**Exercise objective:**
Once "党委赞扬广大电气学子在疫情危" turns up in a line below, reproduce that line and those after it exactly, stopping after the line with "Chart 3:  Wikipedia"; leave pictures out.

**Records to process:**
BEGIN
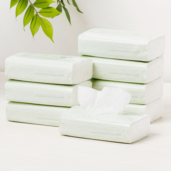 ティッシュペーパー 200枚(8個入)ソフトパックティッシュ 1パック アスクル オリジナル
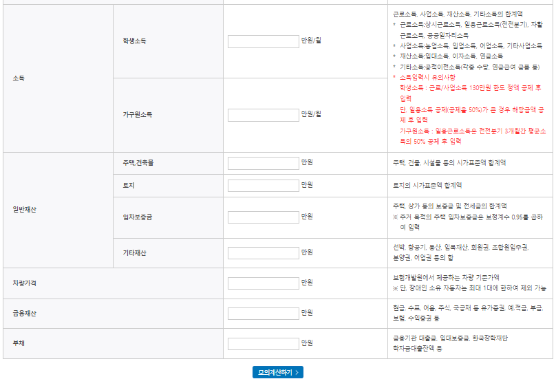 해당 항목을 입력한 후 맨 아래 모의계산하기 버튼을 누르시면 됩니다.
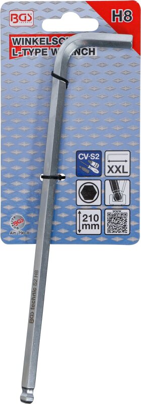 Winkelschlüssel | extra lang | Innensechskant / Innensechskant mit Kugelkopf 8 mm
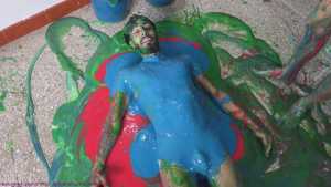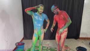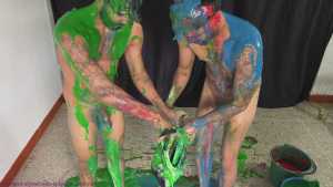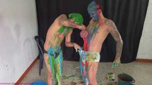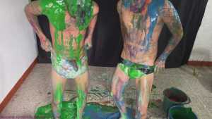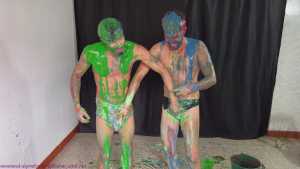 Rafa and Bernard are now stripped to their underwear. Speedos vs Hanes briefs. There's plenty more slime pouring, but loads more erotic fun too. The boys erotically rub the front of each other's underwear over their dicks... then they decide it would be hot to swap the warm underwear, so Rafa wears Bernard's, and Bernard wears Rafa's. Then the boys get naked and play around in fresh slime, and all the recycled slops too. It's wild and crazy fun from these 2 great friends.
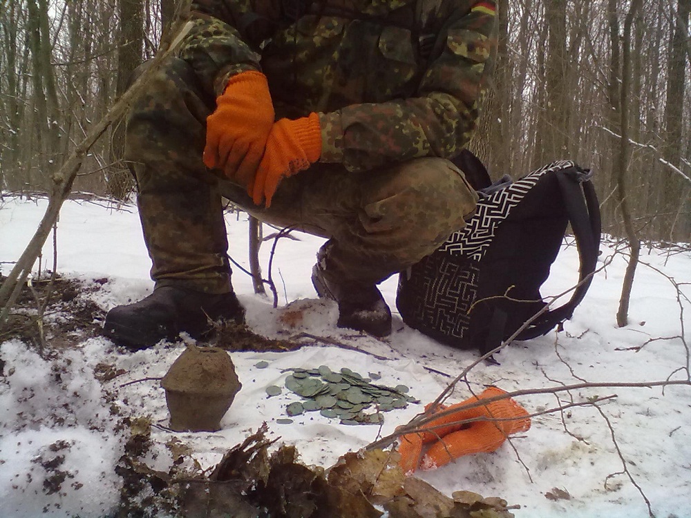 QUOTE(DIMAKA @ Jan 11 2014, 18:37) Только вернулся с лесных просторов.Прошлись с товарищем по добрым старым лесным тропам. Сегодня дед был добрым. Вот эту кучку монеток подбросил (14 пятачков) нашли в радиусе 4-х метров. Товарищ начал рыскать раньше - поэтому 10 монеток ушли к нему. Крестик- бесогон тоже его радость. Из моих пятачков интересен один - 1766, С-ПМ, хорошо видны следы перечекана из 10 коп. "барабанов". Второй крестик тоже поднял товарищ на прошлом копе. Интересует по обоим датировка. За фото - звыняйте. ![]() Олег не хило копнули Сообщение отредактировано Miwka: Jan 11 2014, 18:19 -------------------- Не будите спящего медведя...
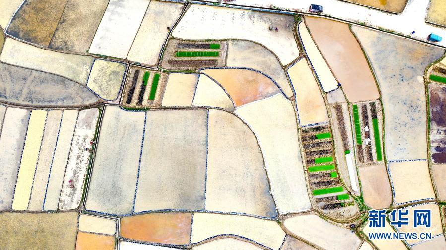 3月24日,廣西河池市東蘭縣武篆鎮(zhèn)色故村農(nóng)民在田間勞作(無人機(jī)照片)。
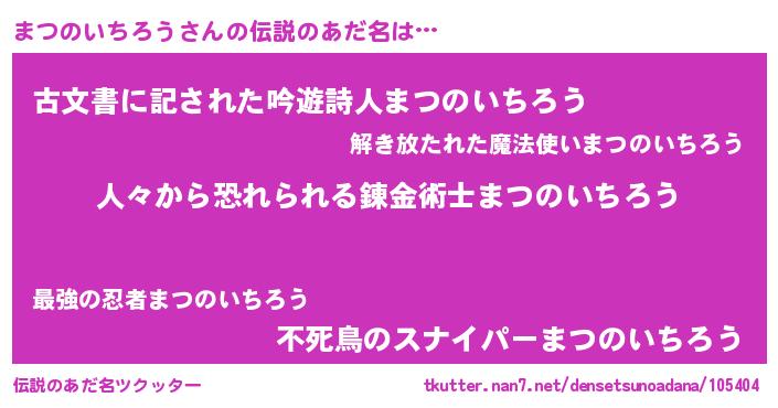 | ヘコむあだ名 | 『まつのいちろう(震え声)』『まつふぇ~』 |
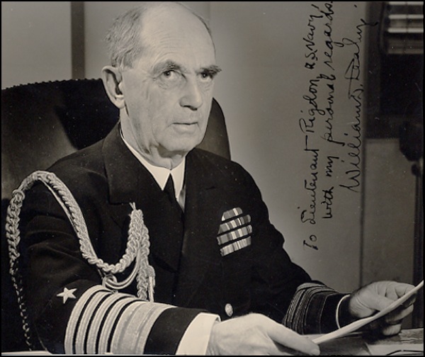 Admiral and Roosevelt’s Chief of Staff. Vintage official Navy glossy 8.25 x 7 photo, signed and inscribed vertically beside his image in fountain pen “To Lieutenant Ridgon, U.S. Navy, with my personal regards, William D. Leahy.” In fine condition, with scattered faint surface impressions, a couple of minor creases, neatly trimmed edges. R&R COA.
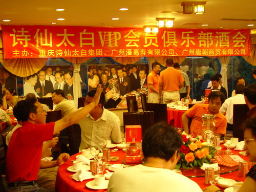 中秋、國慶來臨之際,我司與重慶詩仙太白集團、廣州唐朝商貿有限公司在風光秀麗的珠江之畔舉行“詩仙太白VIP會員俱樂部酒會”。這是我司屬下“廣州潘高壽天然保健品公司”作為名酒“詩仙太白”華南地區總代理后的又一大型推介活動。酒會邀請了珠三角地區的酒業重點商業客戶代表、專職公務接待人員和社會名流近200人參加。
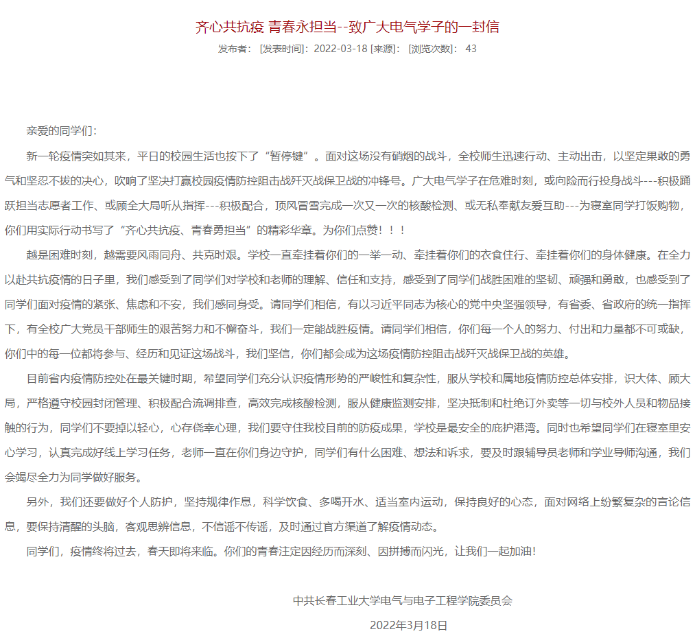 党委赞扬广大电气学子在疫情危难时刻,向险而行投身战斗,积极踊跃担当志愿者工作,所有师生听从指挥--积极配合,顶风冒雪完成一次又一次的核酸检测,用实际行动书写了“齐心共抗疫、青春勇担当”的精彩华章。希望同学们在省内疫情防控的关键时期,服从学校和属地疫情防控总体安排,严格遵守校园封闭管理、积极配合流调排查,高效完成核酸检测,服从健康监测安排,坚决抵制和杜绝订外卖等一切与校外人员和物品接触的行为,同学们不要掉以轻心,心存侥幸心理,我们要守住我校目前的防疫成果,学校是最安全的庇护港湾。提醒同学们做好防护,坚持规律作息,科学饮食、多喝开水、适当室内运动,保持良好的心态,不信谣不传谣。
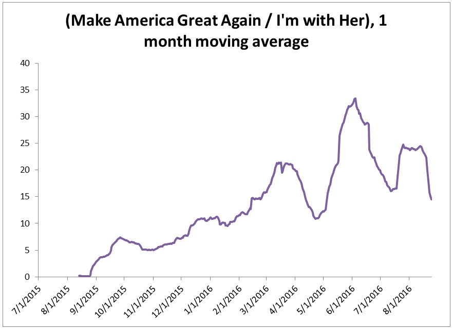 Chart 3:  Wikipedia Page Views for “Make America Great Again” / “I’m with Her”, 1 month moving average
END
BEGIN
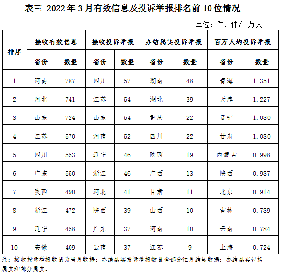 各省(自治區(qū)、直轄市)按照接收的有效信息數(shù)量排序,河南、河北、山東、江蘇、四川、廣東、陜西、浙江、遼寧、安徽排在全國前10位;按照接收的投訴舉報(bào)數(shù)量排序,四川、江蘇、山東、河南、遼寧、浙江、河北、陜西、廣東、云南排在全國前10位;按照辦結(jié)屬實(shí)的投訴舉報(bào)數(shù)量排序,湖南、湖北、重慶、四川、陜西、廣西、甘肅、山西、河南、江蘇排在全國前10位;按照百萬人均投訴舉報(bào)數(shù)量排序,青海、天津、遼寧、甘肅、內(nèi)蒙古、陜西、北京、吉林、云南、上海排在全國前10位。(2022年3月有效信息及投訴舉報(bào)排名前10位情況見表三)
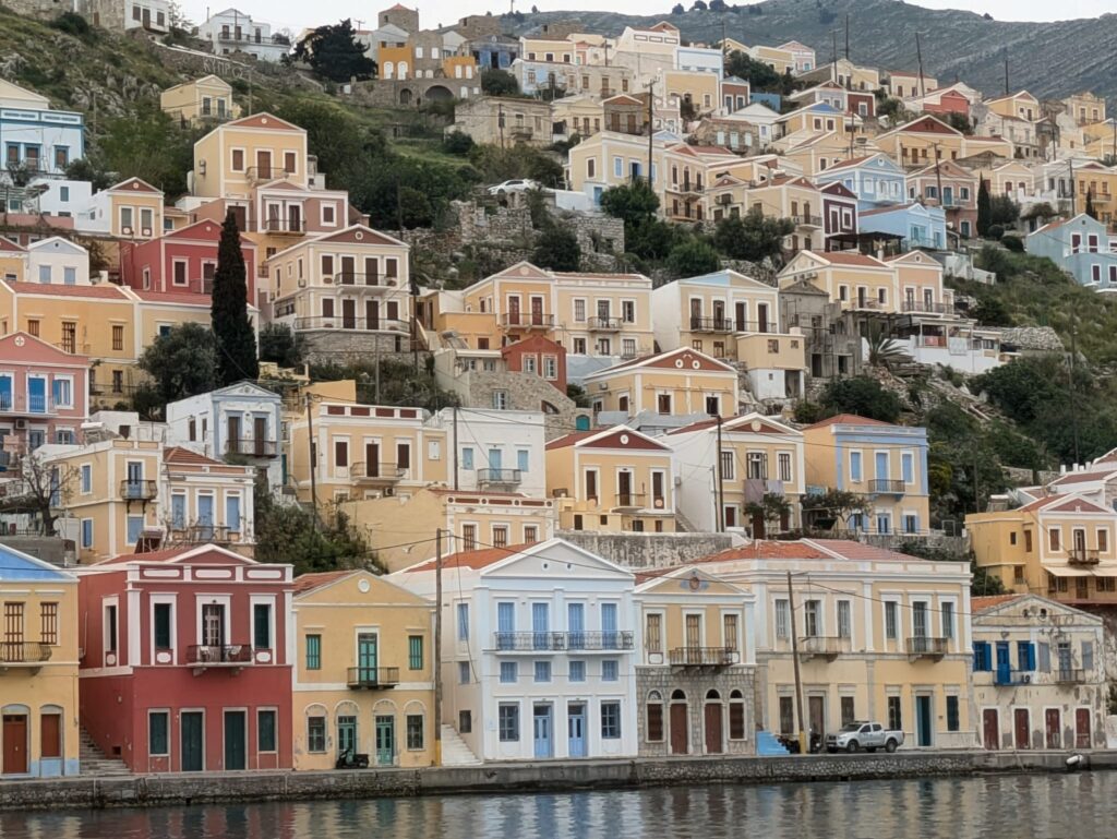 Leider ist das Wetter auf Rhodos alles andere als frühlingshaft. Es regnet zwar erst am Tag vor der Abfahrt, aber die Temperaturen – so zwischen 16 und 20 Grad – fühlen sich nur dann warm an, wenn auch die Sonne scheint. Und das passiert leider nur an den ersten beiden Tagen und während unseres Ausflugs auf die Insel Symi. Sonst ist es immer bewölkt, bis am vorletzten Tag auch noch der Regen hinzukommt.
END
BEGIN
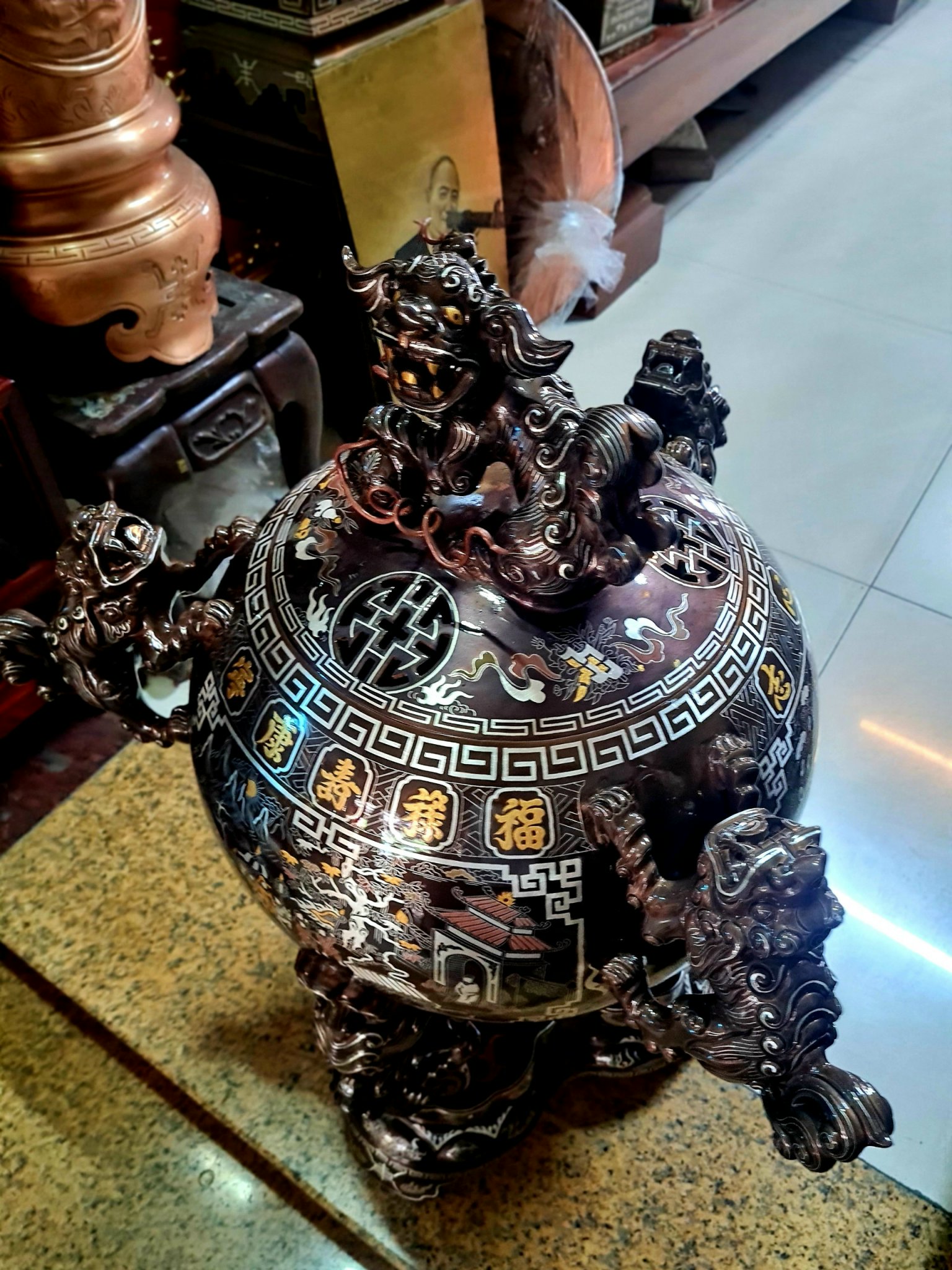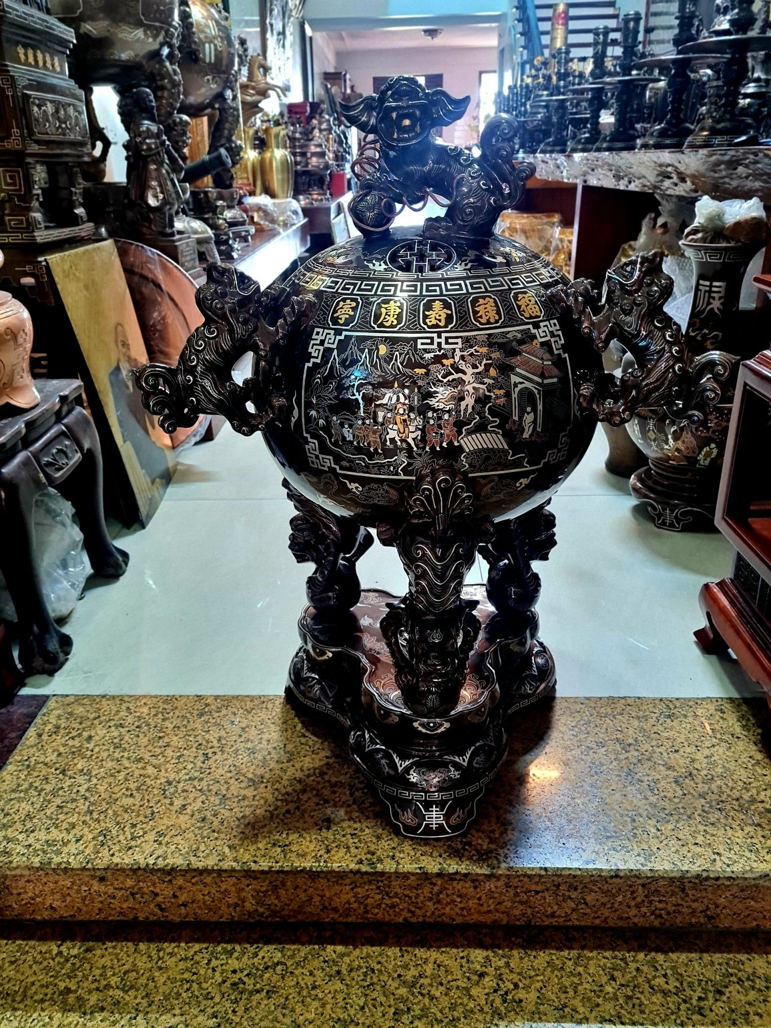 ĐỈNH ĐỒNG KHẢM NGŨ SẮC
END
**Exercise answer:**
 党委赞扬广大电气学子在疫情危难时刻,向险而行投身战斗,积极踊跃担当志愿者工作,所有师生听从指挥--积极配合,顶风冒雪完成一次又一次的核酸检测,用实际行动书写了“齐心共抗疫、青春勇担当”的精彩华章。希望同学们在省内疫情防控的关键时期,服从学校和属地疫情防控总体安排,严格遵守校园封闭管理、积极配合流调排查,高效完成核酸检测,服从健康监测安排,坚决抵制和杜绝订外卖等一切与校外人员和物品接触的行为,同学们不要掉以轻心,心存侥幸心理,我们要守住我校目前的防疫成果,学校是最安全的庇护港湾。提醒同学们做好防护,坚持规律作息,科学饮食、多喝开水、适当室内运动,保持良好的心态,不信谣不传谣。
 Chart 3:  Wikipedia Page Views for “Make America Great Again” / “I’m with Her”, 1 month moving average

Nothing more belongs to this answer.